Confluent + Debezium binlog数据采集平台搭建

2020-03-01

组件版本

Confluent Platform:5.2.2 : https://www.confluent.io/

Debezium:1.0.0 : https://debezium.io/

Kafka:2.3.0

confluent 下载安装包需要注册一下账号，Platform版本大部分组件是开源免费的，但是部分组件是免费不开源的。

搭建过程

1.首先下载各个组件。

2.kafka集群先建设好。

3.解压组件

confluent 解压命令：tar -zxvf confluent-5.2.2-2.12.tar.gz -C 安装路径

Debezium 解压命令：tar -zxvf debezium-connector-mysql-1.0.0.Final-plugin.tar.gz -C /confluent 插件路径

confluent的默认插件地址为 /安装路径/confluent-5.2.2/share/java。

4.Confluent，修改配置文件。

　　confluent的启动模式有两种模式，standalone和cluster模式，本人使用cluster模式进行部署。

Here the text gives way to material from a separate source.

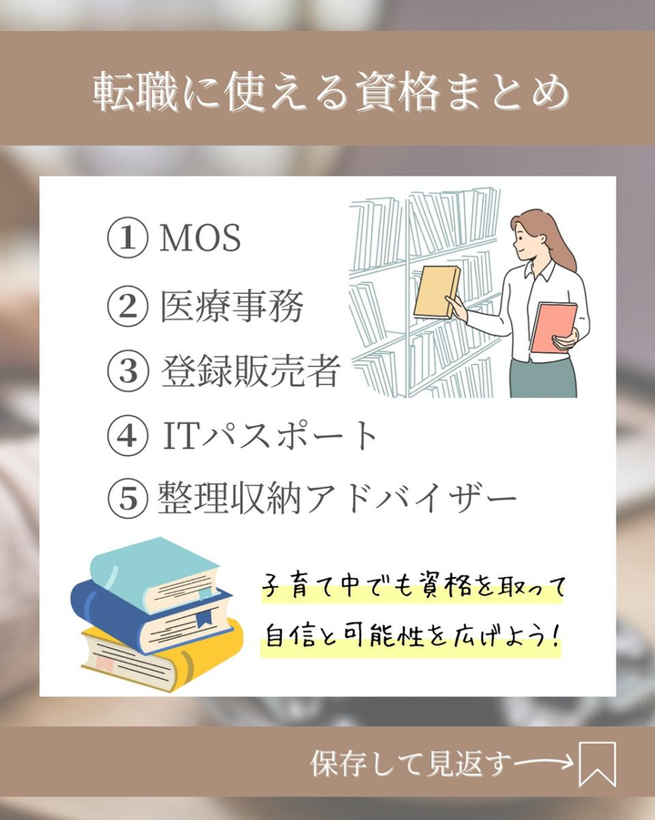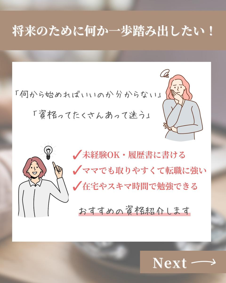 子育て中の20〜40代女性をターゲットとし、需要のあるテーマで構成。 2枚目で不安や迷いに寄り添いながら資格選びのポイントを提示し、読むハードルを下げる工夫をした。 3枚目はオススメ資格5つを簡潔に紹介し、実際の行動に繋がるようまとめた。優しいカラーをベースに使用し、ターゲットの共感を大事に制作した。

　　配置文件路径为：/安装路径/confluent-5.2.2/etc/schema-registry/connect-avro-distributed.properties

　　需要注意以下几个配置项：

　　　　bootstrap.servers : kafka集群broker地址

　　　　group.id ：给定confluent一个id名称（但是实际验证，此id无法作为同一集群的标识，写上就可以了）

　　　　key.converter：此为kafka 官方配置相同，选定key的传输格式，本人搭建使用avro格式传输。

　　　　value.converter：此为kafka 官方配置相同，选定value的传输格式，本人搭建使用avro格式传输。

　　　　plugin.path ：此为增加的插件的路径（有时候会出现写入相对路径无法加载的问题，本人直接改为绝对路径）

5.启动confluent

/安装路径/confluent-5.2.2/bin/connect-distributed /安装路径/confluent-5.2.2/etc/schema-registry/connect-avro-distributed.properties

此配置为本人 connect-avro-distributed.properties 配置文件，可以作为配置参考。

# Sample configuration for a distributed Kafka Connect worker that uses Avro serialization and
# integrates the the Schema Registry. This sample configuration assumes a local installation of
# Confluent Platform with all services running on their default ports.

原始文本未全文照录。